Harvinder told her. And then advised her, “So that’s why I wouldn’t try to reach Freetown, if I were you.”
“There’s got to be a way for a single person to sneak past them.”
“I really don’t think it’s a good idea,” Harvinder reiterated. “They leave us alone, too, but we don’t push them. They can’t be reasoned with.”
“I appreciate the warning. And I will stay here for a while, at least, if you’ll have me. Because there’s something I want from you, Harry.”
“Oh?” he said, smiling with nervous anticipation.
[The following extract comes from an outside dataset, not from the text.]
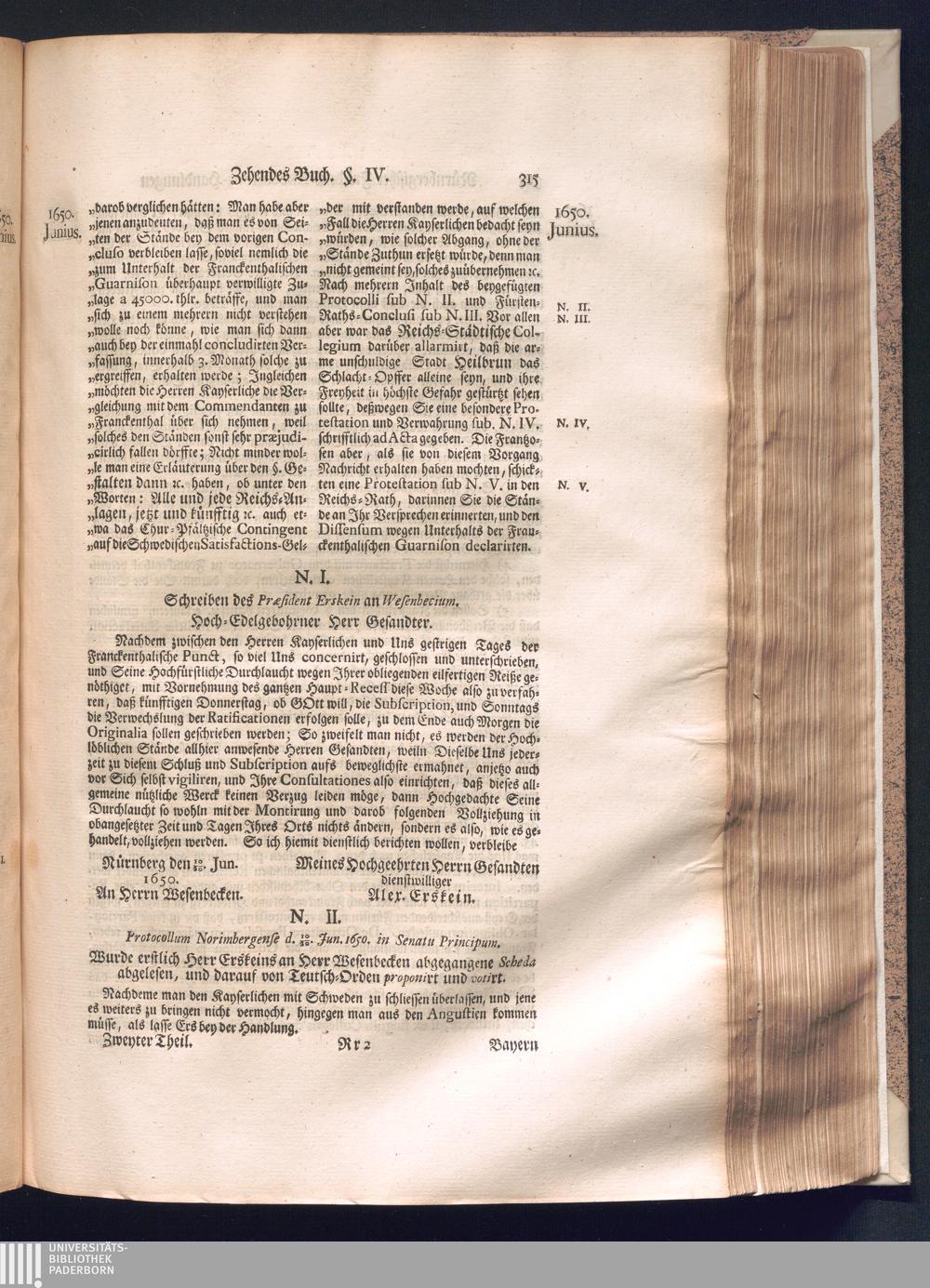 Zweyter und letzter Theil (1737) Worinnen enthalten, wie und welchergestalt die würckliche Vollziehung des Westphälischen Friedens, sowohl in puncto Exauctorationis Militæ und Evacuationis Locorum, als auch und vornehmlich in dem hochwichtigen puncto Restitutionis ex Capite Amnestiæ & Gravaminum, biß zum völligen Schluß des Congressus, Anno 1651, geschehen ist, in einer ausführlichen Historischen Erzehlung, mit beygefügten authentischen Urkunden, auch einem vollständigen Register

She tapped his right temple with her finger. “I want you to hook me up.”
28: THE MESH
Harvinder took Vee to his own, more private and much less noisy office for her first immersion into the Mesh. In its heavy brass casing, thoroughly stained green with verdigris, his computer looked like it could survive a drop off a roof, though it sprouted cables and tubes gurgling fluid like a terminal patient on life support—a Frankenstein monster resembling something cobbled together by high school students in metal shop, or maybe in art class. However suspect its appearance, though, it responded quickly to his deft keystrokes. He sat Vee in his wo
rk chair, pulled another chair up beside her. She resisted a smile as he plugged the computer’s interface cable into the fresh orifice, like a tiny bullet hole, in her temple, wondering if he found the procedure erotic. She felt no discomfort.
“What am I supposed to do first, in there?”
“I’ve made an avatar for you, scanned from your own body,” he told her. “Try to move about as if you were using your physical body. Explore your environment, but remember that you can also control your environment. It may start out as little more than a void until you call into that space whatever information it is you seek. In order to better focus that information, try to envision some physical medium upon which to project it. A TV screen, a blackboard, the wall of a room familiar to you, or what have you. The Mesh is a very fluid medium, not as structured or predictable as our old Internet, which can make it frustrating and difficult but also very free and exciting in other ways. Don’t worry—I will stay right here beside you, and pull you out if I see you’re having difficulty.”
“Difficulty?”
“Not to worry. I only mean confusion, nervousness, agitation. I will be monitoring your experience out here, on the screen, seeing through your avatar’s eyes. I want to let you get a feel for it yourself, so I won’t go with you to hold your hand, and I won’t speak to you inside the Mesh unless I absolutely need to guide or prompt or reassure you.”
“Um, okay. Whatever. I guess I’ll see when I get there.”
“Do you have any idea what you might like to start out looking for?
Some bit of information you’d like to research, that might have been stored in there by someone from Naraka or Freetown, or by the Enmeshed?”
“Well, hm. Actually, Jay…that is, my gun…showed me some memories he found recorded and stored inside the Mesh, from a Damned man named Adam. Maybe I could see if I can retrieve those same memories on my own, if I concentrate on them.”